++++ Data extracts
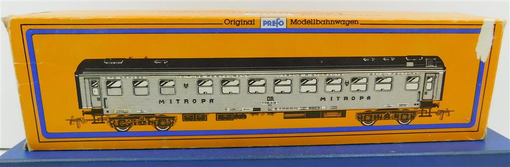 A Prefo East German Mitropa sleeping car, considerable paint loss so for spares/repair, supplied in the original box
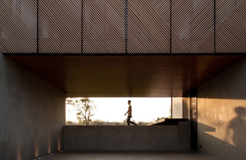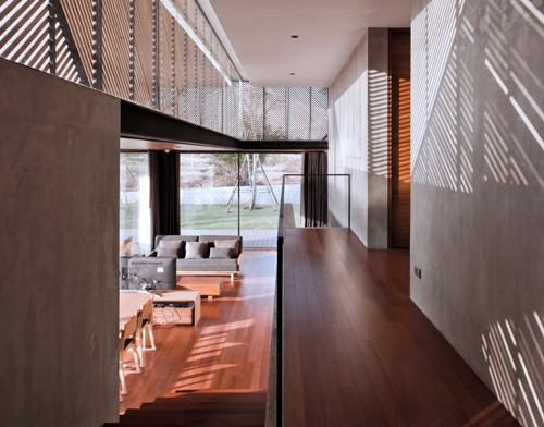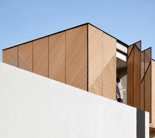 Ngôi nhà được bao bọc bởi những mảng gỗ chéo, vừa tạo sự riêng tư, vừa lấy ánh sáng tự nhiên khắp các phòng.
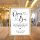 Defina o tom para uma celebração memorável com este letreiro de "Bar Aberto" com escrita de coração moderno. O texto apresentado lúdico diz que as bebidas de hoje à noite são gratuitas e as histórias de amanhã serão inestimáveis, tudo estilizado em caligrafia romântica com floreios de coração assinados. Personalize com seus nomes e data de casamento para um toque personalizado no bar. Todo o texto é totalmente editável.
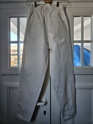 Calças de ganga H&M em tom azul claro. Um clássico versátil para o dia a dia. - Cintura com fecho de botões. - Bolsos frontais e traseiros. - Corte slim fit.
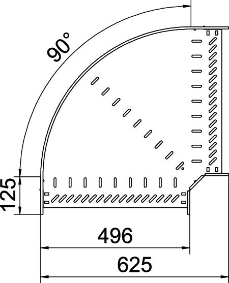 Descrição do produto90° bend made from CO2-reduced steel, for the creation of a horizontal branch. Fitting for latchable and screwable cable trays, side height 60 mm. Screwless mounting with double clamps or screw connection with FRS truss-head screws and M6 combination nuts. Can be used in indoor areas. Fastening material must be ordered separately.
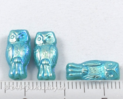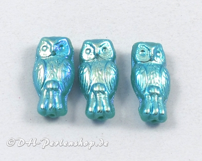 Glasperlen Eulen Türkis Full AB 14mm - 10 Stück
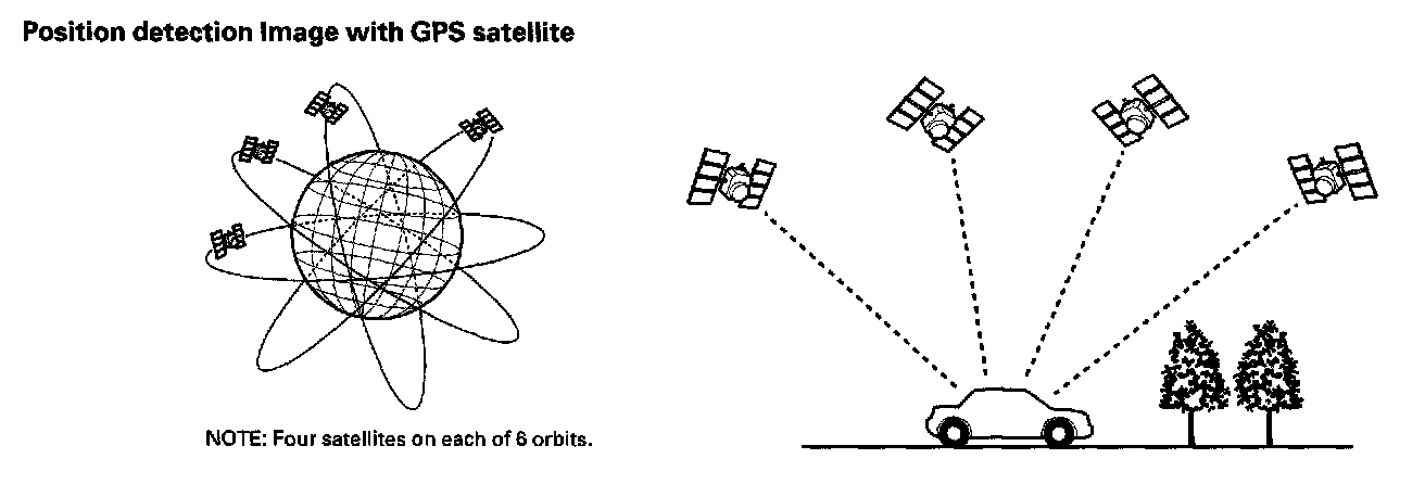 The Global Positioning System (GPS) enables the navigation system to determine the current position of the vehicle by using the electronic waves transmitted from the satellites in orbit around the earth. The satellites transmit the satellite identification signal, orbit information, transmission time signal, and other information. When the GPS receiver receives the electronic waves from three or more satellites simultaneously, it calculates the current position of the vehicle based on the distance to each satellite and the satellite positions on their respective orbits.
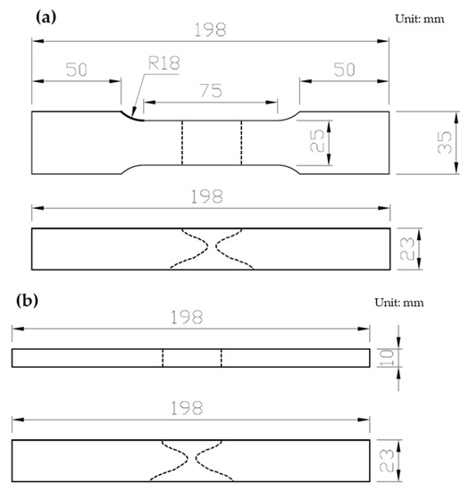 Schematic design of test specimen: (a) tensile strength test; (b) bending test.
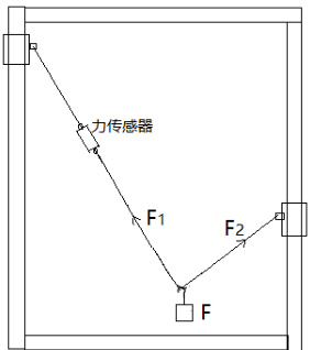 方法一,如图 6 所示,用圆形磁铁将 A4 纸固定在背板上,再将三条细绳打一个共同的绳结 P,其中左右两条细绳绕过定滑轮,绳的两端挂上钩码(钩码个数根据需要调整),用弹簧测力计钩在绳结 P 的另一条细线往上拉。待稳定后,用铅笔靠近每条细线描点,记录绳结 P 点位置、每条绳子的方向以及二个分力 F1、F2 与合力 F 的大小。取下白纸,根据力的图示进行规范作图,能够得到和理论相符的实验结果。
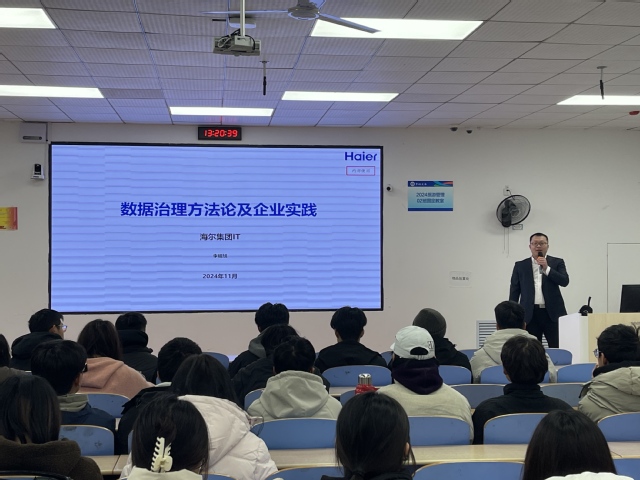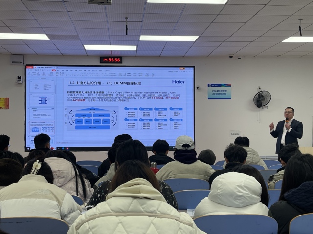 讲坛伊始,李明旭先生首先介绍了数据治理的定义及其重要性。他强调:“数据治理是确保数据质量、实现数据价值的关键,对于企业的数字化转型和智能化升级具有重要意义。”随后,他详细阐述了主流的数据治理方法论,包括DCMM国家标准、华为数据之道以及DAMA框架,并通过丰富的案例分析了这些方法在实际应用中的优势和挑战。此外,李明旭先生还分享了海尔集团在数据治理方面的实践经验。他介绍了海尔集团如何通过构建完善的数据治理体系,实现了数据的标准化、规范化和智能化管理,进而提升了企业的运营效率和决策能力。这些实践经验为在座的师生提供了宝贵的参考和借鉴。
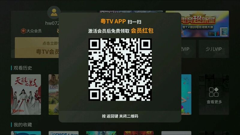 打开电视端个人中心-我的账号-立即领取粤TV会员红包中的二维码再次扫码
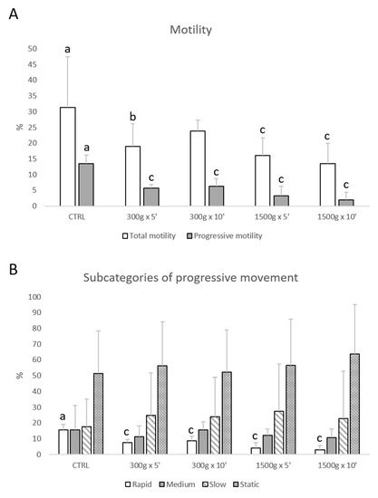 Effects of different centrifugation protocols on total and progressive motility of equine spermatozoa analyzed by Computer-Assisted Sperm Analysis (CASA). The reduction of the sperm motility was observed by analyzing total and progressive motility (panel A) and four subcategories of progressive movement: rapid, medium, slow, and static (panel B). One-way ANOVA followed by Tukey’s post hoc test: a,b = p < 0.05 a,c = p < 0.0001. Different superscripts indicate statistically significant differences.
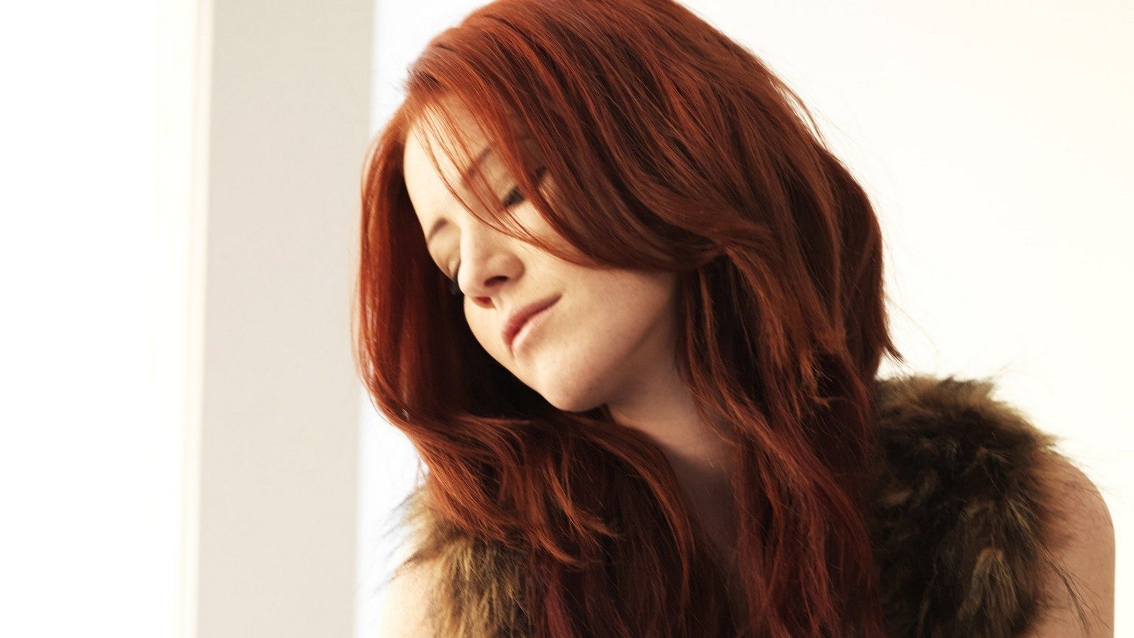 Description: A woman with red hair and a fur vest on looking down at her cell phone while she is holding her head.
++++++++
→ What you are asked to do
From the first line above to the line containing "Ngôi nhà được", repeat each line exactly. Pictures stay out.

→ Solved problem
 A Prefo East German Mitropa sleeping car, considerable paint loss so for spares/repair, supplied in the original box
 Ngôi nhà được bao bọc bởi những mảng gỗ chéo, vừa tạo sự riêng tư, vừa lấy ánh sáng tự nhiên khắp các phòng.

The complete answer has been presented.